Goal of the exercise: Print a faithful copy of the data below, word for word, with the pictures left out.

Source information:
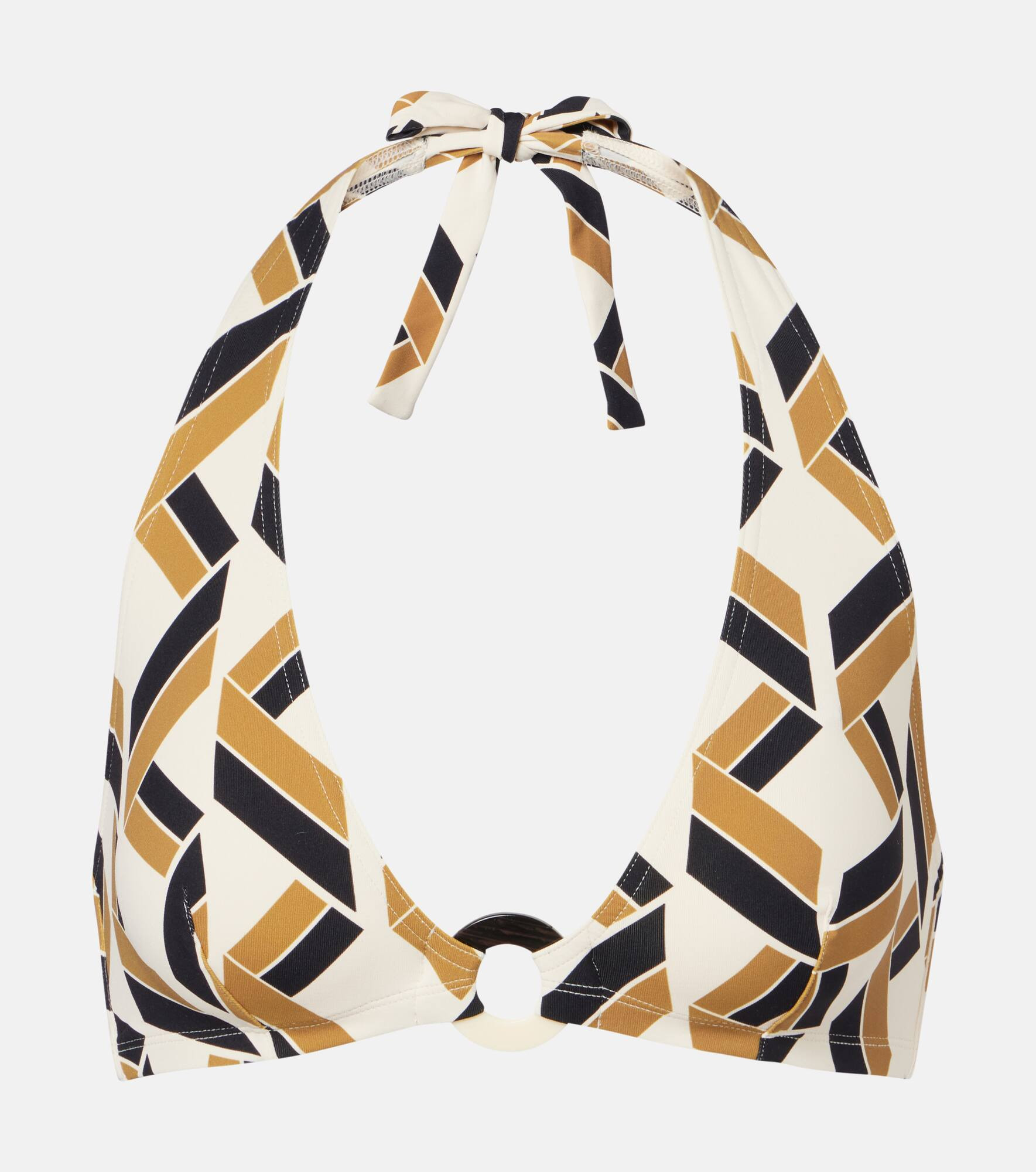 Boasting an iconic 70s-inspired psychedelic print, the Dimension triangle bikini top from Eres delivers retro sophistication. Tie halterneck straps ensure flawless, structured support to this swimwear design crafted from Peau Douce fabric. Product Details - Material: 77% polyamide, 23% elastane - Care instructions: machine wash at 30 degrees - Made in France - Designer color name: Imperime Swim Noir - Item color: beige, black - Boning - Closure: toggle fastening - Item number: P01096142 Size & Fit - True to size - Unpadded Top - The model seen in the picture is 178cm-5'10", cup size B, and wearing a size FR 38
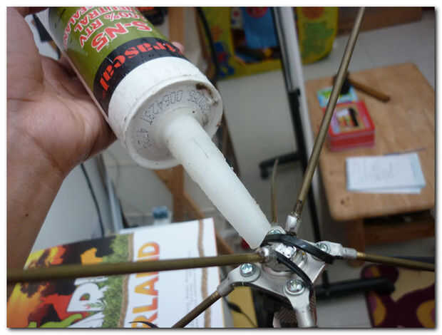 -Tirantes con amarres de cable negro y el punto de soldado con sellador de silicona para impermeabilizar la cubierta. -Transmitir feliz! -73 de 9W2WDX Asni (QTH: Bangi Bandar Baru, Malasia) -Ver mis otras actividades en think2bgood.blogspot.com y kakipedal.blogspot.com
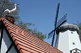 Stork on a rooftop and Danish windmill
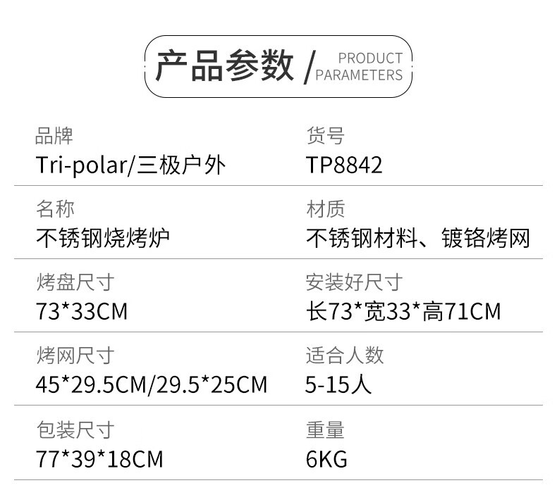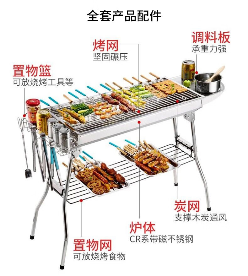 三极户外 不锈钢烧烤架 TP8842 全套烧烤架 1套
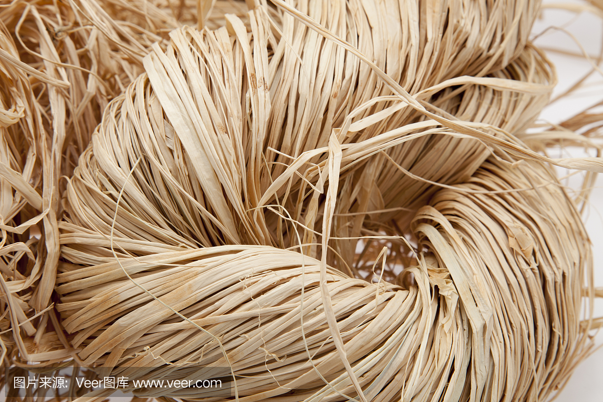 马达加斯加拉菲草束自然的抽象背景。绿色和黄色
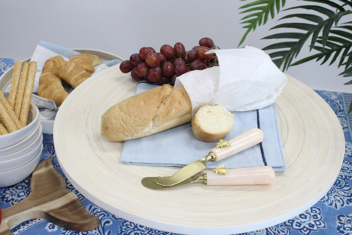 We love the understated beauty of our Lazy Susan Spun White. It's one of those pieces that fits effortlessly into just about any home decor style, from coastal and minimalist to scandi or contemporary. We find the natural bamboo material and hand-finished whitewash texture really give it character. Each one is a little different - not a fault, but we think that’s what makes it special. Measuring 45x45x4cm, it’s a substantial centrepiece that works wonders on dining tables, kitchen islands, or coffee tables. It’s food safe too. Great for cheese platters and canapés during gatherings, or just putting all the bits and pieces in one spot to make the space feel more intentional. The soft white tone doesn’t fight with other decor items either - just plays nicely with what your customer already owns. Subtle concentric circles add texture without being over-the-top. Easy to sell in-store, especially when shown loaded up with treats or candles.
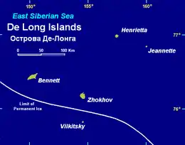 Some US individuals assert American ownership of Jeannette, Henrietta and Bennet Islands in the De Long group.[10][11] This assertion is not supported by the US government.[11][12] Following their discovery in 1881, De Long claimed these islands for the U.S.[13] and reported to the United States Department of the Navy that a party had landed on Henrietta Island and taken possession.[14] During 1916 the Russian ambassador in London issued an official notice to the effect that the Imperial government considered these islands were integral parts of the Russian Empire. This territorial claim was later maintained by the Soviet Union. A resolution of the Alaska State Senate in 1988 supported an American claim to the islands, but during 1994 the Alaska State Supreme Court ruled in D. Denardo v. State of Alaska that Bennett Island, along with several other islands, is not part of Alaska.[15] The United States Department of State has asserted that claim has never been made by the United States to any of the islands, and the US recognizes it as Russian territory.[12]
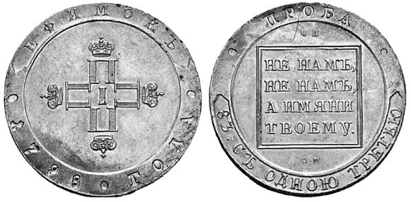 В центре на реверсе изображена двухлинейная рамка с надписью в четыре строки: «НЕ НАМЪ / НЕ НАМЪ / А ИМЯНИ / ТВОЕМУ.». Это девятый стих 113-го псалма Давида, в несколько сокращённом виде («Не нам, Господи, не нам, но имени Твоему даждь славу, о милости Твоей и истине Твоей»). Алексей Шлыков в своё время отмечал, что многие коллекционеры ошибочно полагают, будто эта фраза на монете – девиз Мальтийского рыцарского ордена, гроссмейстером которого был император Павел I. Но это заблуждение.
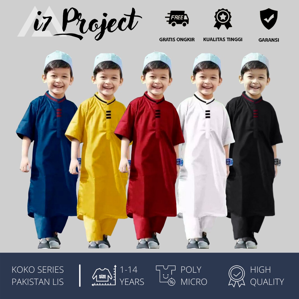 Stelan Koko Anak Laki-laki Model Pakistan LIS Usia 1-14 Tahun Gratis Peci Rajut

Exercise output:
 Boasting an iconic 70s-inspired psychedelic print, the Dimension triangle bikini top from Eres delivers retro sophistication. Tie halterneck straps ensure flawless, structured support to this swimwear design crafted from Peau Douce fabric. Product Details - Material: 77% polyamide, 23% elastane - Care instructions: machine wash at 30 degrees - Made in France - Designer color name: Imperime Swim Noir - Item color: beige, black - Boning - Closure: toggle fastening - Item number: P01096142 Size & Fit - True to size - Unpadded Top - The model seen in the picture is 178cm-5'10", cup size B, and wearing a size FR 38
 -Tirantes con amarres de cable negro y el punto de soldado con sellador de silicona para impermeabilizar la cubierta. -Transmitir feliz! -73 de 9W2WDX Asni (QTH: Bangi Bandar Baru, Malasia) -Ver mis otras actividades en think2bgood.blogspot.com y kakipedal.blogspot.com
 Stork on a rooftop and Danish windmill
 三极户外 不锈钢烧烤架 TP8842 全套烧烤架 1套
 马达加斯加拉菲草束自然的抽象背景。绿色和黄色
 We love the understated beauty of our Lazy Susan Spun White. It's one of those pieces that fits effortlessly into just about any home decor style, from coastal and minimalist to scandi or contemporary. We find the natural bamboo material and hand-finished whitewash texture really give it character. Each one is a little different - not a fault, but we think that’s what makes it special. Measuring 45x45x4cm, it’s a substantial centrepiece that works wonders on dining tables, kitchen islands, or coffee tables. It’s food safe too. Great for cheese platters and canapés during gatherings, or just putting all the bits and pieces in one spot to make the space feel more intentional. The soft white tone doesn’t fight with other decor items either - just plays nicely with what your customer already owns. Subtle concentric circles add texture without being over-the-top. Easy to sell in-store, especially when shown loaded up with treats or candles.
 Some US individuals assert American ownership of Jeannette, Henrietta and Bennet Islands in the De Long group.[10][11] This assertion is not supported by the US government.[11][12] Following their discovery in 1881, De Long claimed these islands for the U.S.[13] and reported to the United States Department of the Navy that a party had landed on Henrietta Island and taken possession.[14] During 1916 the Russian ambassador in London issued an official notice to the effect that the Imperial government considered these islands were integral parts of the Russian Empire. This territorial claim was later maintained by the Soviet Union. A resolution of the Alaska State Senate in 1988 supported an American claim to the islands, but during 1994 the Alaska State Supreme Court ruled in D. Denardo v. State of Alaska that Bennett Island, along with several other islands, is not part of Alaska.[15] The United States Department of State has asserted that claim has never been made by the United States to any of the islands, and the US recognizes it as Russian territory.[12]
 В центре на реверсе изображена двухлинейная рамка с надписью в четыре строки: «НЕ НАМЪ / НЕ НАМЪ / А ИМЯНИ / ТВОЕМУ.». Это девятый стих 113-го псалма Давида, в несколько сокращённом виде («Не нам, Господи, не нам, но имени Твоему даждь славу, о милости Твоей и истине Твоей»). Алексей Шлыков в своё время отмечал, что многие коллекционеры ошибочно полагают, будто эта фраза на монете – девиз Мальтийского рыцарского ордена, гроссмейстером которого был император Павел I. Но это заблуждение.
 Stelan Koko Anak Laki-laki Model Pakistan LIS Usia 1-14 Tahun Gratis Peci Rajut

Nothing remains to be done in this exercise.